9 When they came to the place that God had shown him, Abraham built an altar there and laid the wood in order. He bound his son Isaac, and laid him on the altar, on top of the wood. 10 Then Abraham reached out his hand and took the knife to kill his son. 11 But the angel of the Lord called to him from heaven, and said, "Abraham, Abraham!" And he said, "Here I am." 12 He said, "Do not lay your hand on the boy or do anything to him; for now I know that you fear God, since you have not withheld your son, your only son, from me." 13 And Abraham looked up and saw a ram, caught in a thicket by its horns. Abraham went and took the ram and offered it up as a burnt offering instead of his son. 14 So Abraham called that place "The Lord will provide"; as it is said to this day, "On the mount of the Lord it shall be provided."
Behold the Lamb of God.
This story of Abraham and Isaac will always be a special one for me. My dad was a pastor, and was serving in Worland, WY at the time.
During Lent one year, he put on theatrical presentations of numerous biblical stories. I participated in two of the dramas. For the story of Jonah and the whale, dad made a whale and inside of it, I was the one who moved the whale about to swallow my dad and then spit him out again.
And then we did Abraham and Isaac. Dad bound me up and laid me on the altar. He stood before the altar and lifted up his hunting knife high above his head. And then, a carefully timed recording sounded from backstage instructing him to not harm me. And then, he turned to retrieve a lamb, caught in the bushes, to sacrifice instead. This I don’t remember. I suppose he used a stuffed animal for the lamb. I don’t know. I can’t remember that part.

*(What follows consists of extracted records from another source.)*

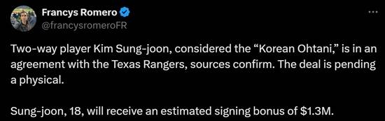 로메로 기자는 "'한국의 오타니'로 불리는 투웨이 플레이어 김성준이 텍사스 레인저스와 계약을 체결했다고 확인했다. 현재 신체검사 절차를 기다리는 상태"라며 "이 18세 한국인 선수는 약 130만 달러(한화 약 18억원) 계약금을 받을 것으로 추정된다"라고 주장했다.
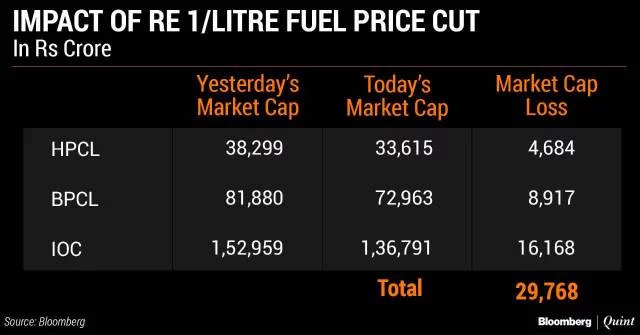 - Shares of oil marketing companies slumped after the announcement, wiping out nearly Rs 30,000 crore in market capitalisation.
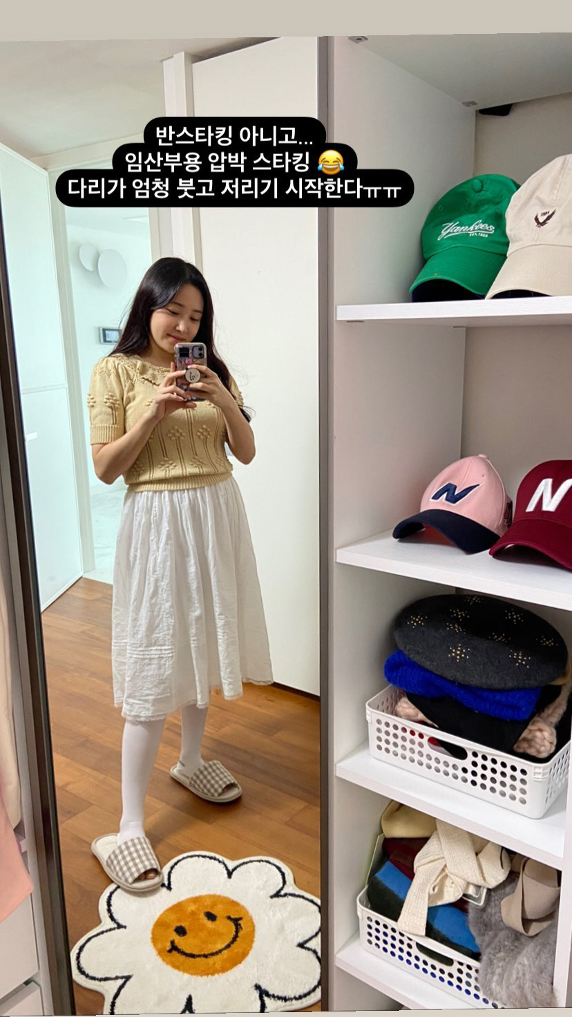 최희는 17일 자신의 인스타그램 스토리를 통해 "반스타킹 아니고..임산부용 압박 스타킹. 다리가 엄청 붓고 저리기 시작한다"는 글과 함께 한 장의 사진을 게재했다. 공개된 사진 속에는 압박스타킹을 신은 채 거울 셀카를 찍고 있는 최희의 모습이 담겼다. 임신 6개월 차에 접어든 최희의 현실 고충이 관심을 모은다.

What is seared into my memory, though, is the image of my Father with his hunting knife raised high above his head, ready to plunge it into me.
And it left me with a question.
“What kind of Father would sacrifice his own Son?”

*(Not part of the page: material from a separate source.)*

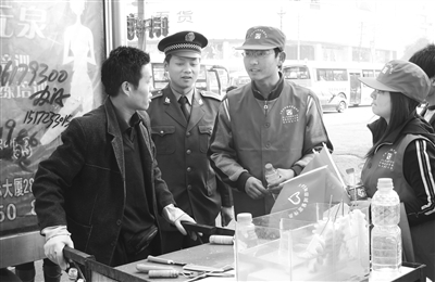 昨日首次“上崗”2小時,這群大學生“城管”共勸阻占道經(jīng)營、流動攤販17處,清除“三亂”牛皮癬34處。(記者 夏瓊 通訊員 葉火生 李梅)(記者 蔡曉智 通訊員 李梅 攝)

“And why would they do it?”
The Bible tells us that God instructed Abraham to sacrifice Isaac, as a test of Abraham’s faith.

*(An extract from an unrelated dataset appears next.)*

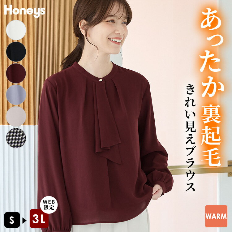 ★★最大2000円OFFクーポン配布中★★【WEB限定】トップス ブラウス 長袖 ハニぽか あったか 大きいサイズ オフィス きれいめ ボウタイ レディース Honeys ハニーズ 【褒められ】裏起毛ボウタイブラウス
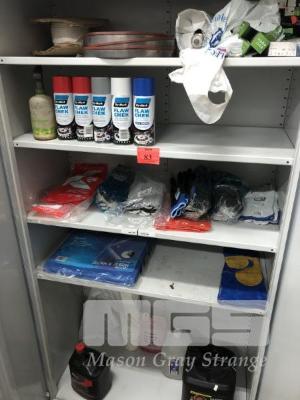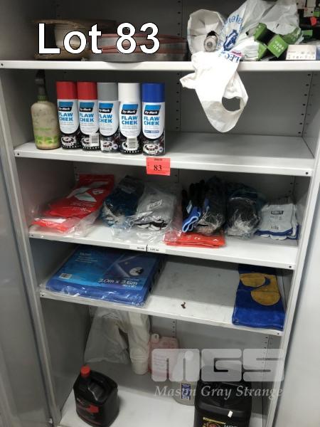 CHEMICALS, RIGGERS, FLAW CHECK TARP, LIGHT GLOBES, WORK GLOVES, SAW BLADES, CONTENTS CUPBOARD

“. . . now I know that you fear God, since you have not withheld your son, your only son, from me."
Perhaps it would make more sense if instead of using the word “fear”, we used the word “love”.
Now I know that you love the Lord your God, above all else, since you have not withheld your son, your only son, from me.
Through it all, Abraham’s faith is evident in his statement to Isaac.
"God himself will provide the lamb for a burnt offering, my son."
What kind of Father would sacrifice his own Son?
And why would he do it?
The answer is that it was God who made that sacrifice, not Abraham, as Jesus was offered on the cross.
And he did so, to take away the sin of the world, and to cause the angel of death to Passover us, that we might live with him forever.
John provides us with the answer early in the Gospel:
"For God so loved the world that he gave his only Son, so that everyone who believes in him may not perish but may have eternal life.”
"For God so loved the world that he sacrificed his only Son, so that everyone who believes in him may not perish but may have eternal life.
We are not comfortable with sacrificial language.
It is foreign to us.
And yet, for each of us, there is something, someone, who we love enough to make real and substantial sacrifices for.
In Romans 5, Paul writes:
“God proves his love for us in that while we still were sinners Christ died for us.”
Offered in Love.
God love you so much, that he was willing to sacrifice his own son.
One of the youth of my congregation in Baker, MT preached a sermon at the Montana Synod youth gathering. One of Jana’s points was what she called “speciality”. You are so special, so precious to God, he loves you so much, that even if you were the only person in the world he would have still offered his Son as a sacrifice to save you. Speciality.
As uncomfortable as we are with language about sacrifice, there is a truth about it that is absolute.
Love that is unwilling to sacrifice for the sake of the other is not love at all.
Love that is unwilling to sacrifice is nothing.
Behold the Lamb of God, the one God himself sacrificed for you.
At the end of John’s Gospel we hear the rest of the story.
"Simon son of John, do you love me more than these?" He said to him, "Yes, Lord; you know that I love you." Jesus said to him, "Feed my lambs." 16 A second time he said to him, "Simon son of John, do you love me?" He said to him, "Yes, Lord; you know that I love you." Jesus said to him, "Tend my sheep." 17 He said to him the third time, "Simon son of John, do you love me?" Peter felt hurt because he said to him the third time, "Do you love me?" And he said to him, "Lord, you know everything; you know that I love you." Jesus said to him, "Feed my sheep. 18 Very truly, I tell you, when you were younger, you used to fasten your own belt and to go wherever you wished. But when you grow old, you will stretch out your hands, and someone else will fasten a belt around you and take you where you do not wish to go."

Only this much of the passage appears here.